Page MenuHomePhabricator

Revise "language" field validation
Closed, ResolvedPublic

Description

Supposedly, the language field should only accept language codes matching either xx or xx-xx* formats.

However, the pattern seems to be matching other strings as well (e.g., "spanish").

Nonetheless, why is Citoid returing "spanish" for some sources? See for example https://www.elpais.com.uy/mundo/relato-esposa-fiscal-paraguayo-marcelo-pecci-asesinado-colombia.html

Event Timeline

The pattern used in our code comes from Citoid's fixLang: /^[a-z]{2}(?:-?[a-z]{2,})*$/i. I mistakenly thought it meant codes matching the xx or xx-xx* formats, but of course I was wrong.

On the other hand, the language parameter of the Cite web citation template (for example) accepts "either the ISO 639 language code (preferred) or the full language name".

In fact, there is a list here of the values it and other CS1/2 citation templates accept.

Note that there are some values that, although valid for CS1/2 templates' language parameter, would not pass Citoid validation. For example, abq-latn, or es-419. We may have to report this to Citoid.
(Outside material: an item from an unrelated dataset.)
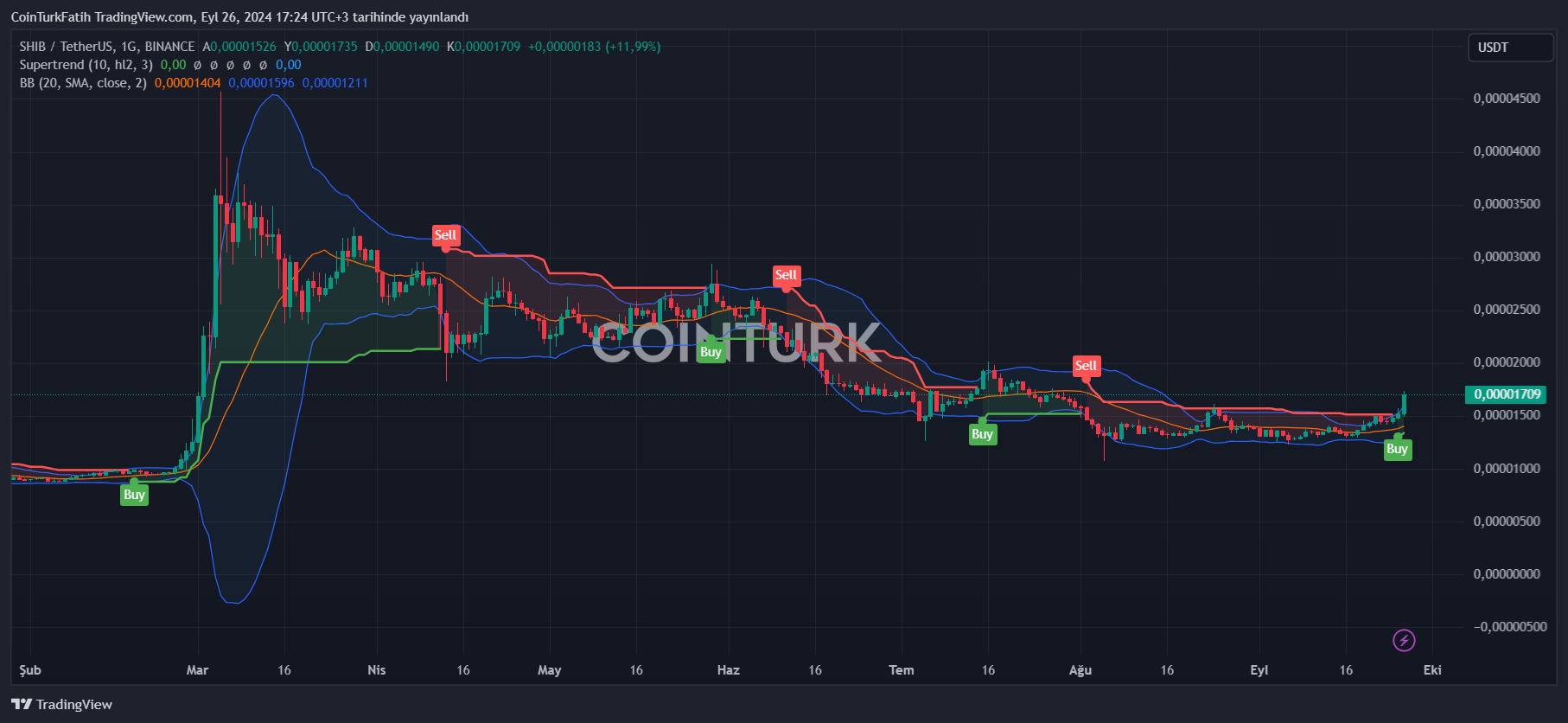 El altcoin popular de hoy, $SHIB, ha aumentado un 12%. Está apuntando a un nivel de resistencia de 0.0000176 dólares. Si esta área significativa puede lograr cierres exitosos por encima de ella, el precio podría probar los 0.00002024 dólares. Más arriba, un precio de 0.0000260 dólares podría abrir la puerta a picos emocionantes.

What should we do in Web2Cit?

  • Should we continue using the same pattern as Citoid's fixLang but change the documentation accordingly?
  • Should we accept any non-empty string, but warn users that only values in the list above will be recognized by Wikipedia?
  • Should we validate against the full list of languages supported by CS1/2 templates?

Note that there are some values that, although valid for CS1/2 templates' language parameter, would not pass Citoid validation. For example, abq-latn, or es-419. We may have to report this to Citoid.
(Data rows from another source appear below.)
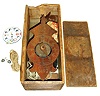 Clocks- 2 (Two): (1) Wooden works weight driven, foliot escapement timepiece, sold as a souvenir at the Columbian Exposition, Chicago, which began in 1892. The clock front is embossed with a dial, a bust of Columbus and his name at top, and the year 1492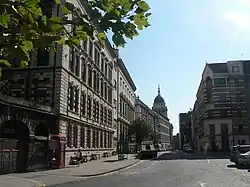 Giltspur Street is a street in Smithfield in the City of London, England, running north–south from the junction of Newgate Street, Holborn Viaduct and Old Bailey, up to West Smithfield, and it is bounded to the east by St Bartholomew's Hospital. It was formerly known as Knightsriders Street, from the knights riding at the tournaments in Smithfield.[1]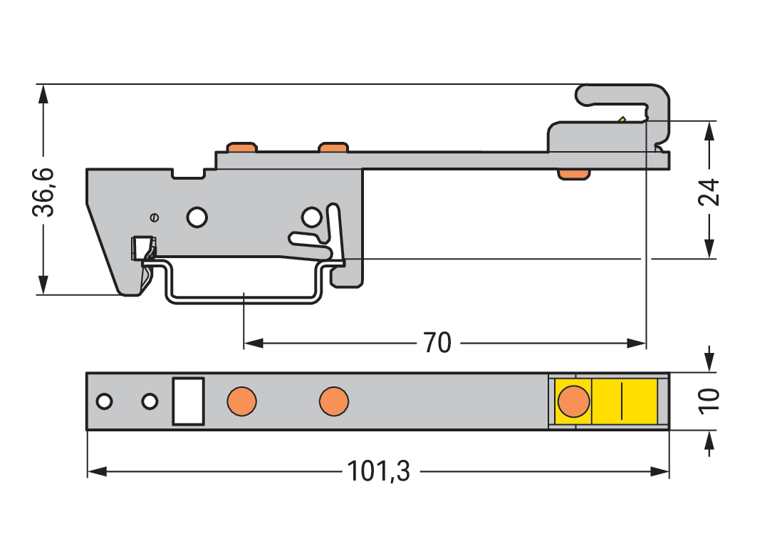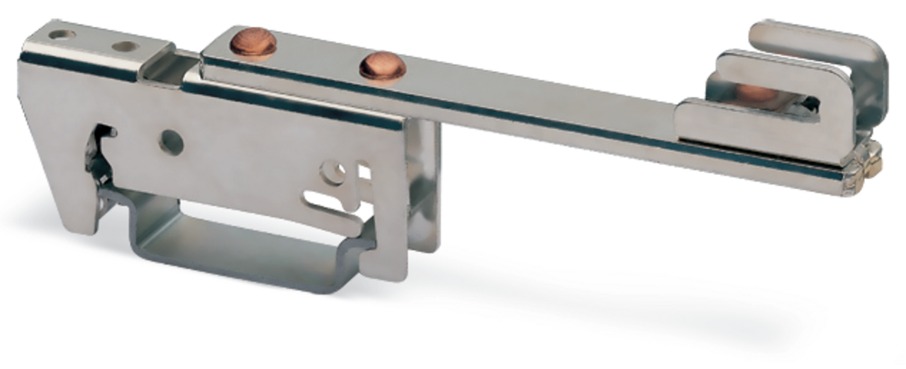 wspornik szyny zbiorczej; do szyn zbiorczych Cu 10 mm x 3 mm; jednostronny prosty; do montażu zatrzaskowego na TS 35; srebrny

Added comment here: T93561

Should we continue using the same pattern as Citoid's fixLang but change the documentation accordingly?

Because using language codes is recommended, we could make our validation stricter than Citoid's and accept language codes only. However, we probably don't want to do this until we find a way to convert Citoid-valid languages into Web2Cit-valid ones (T312110), to prevent fallback template from failing.

Should we accept any non-empty string, but warn users that only values in the list above will be recognized by Wikipedia?

Being less strict than Citoid may work, and would support Wikipedia-valid languages not supported by Citoid (see above).

...the language parameter of the Cite web citation template (for example) accepts "either the ISO 639 language code (preferred) or the full language name" ... there is a list here of the values it and other CS1/2 citation templates accept.

BTW, tried this today and couldn't get templates Cite web or Cite news throw an error if supposedly unsupported values were used in the corresponding language fields.

diegodlh claimed this task.

Flexibilized language validation pattern as "any non-empty string" in w2c-core's 760b8159.

Updated Fields documentation on-wiki as well.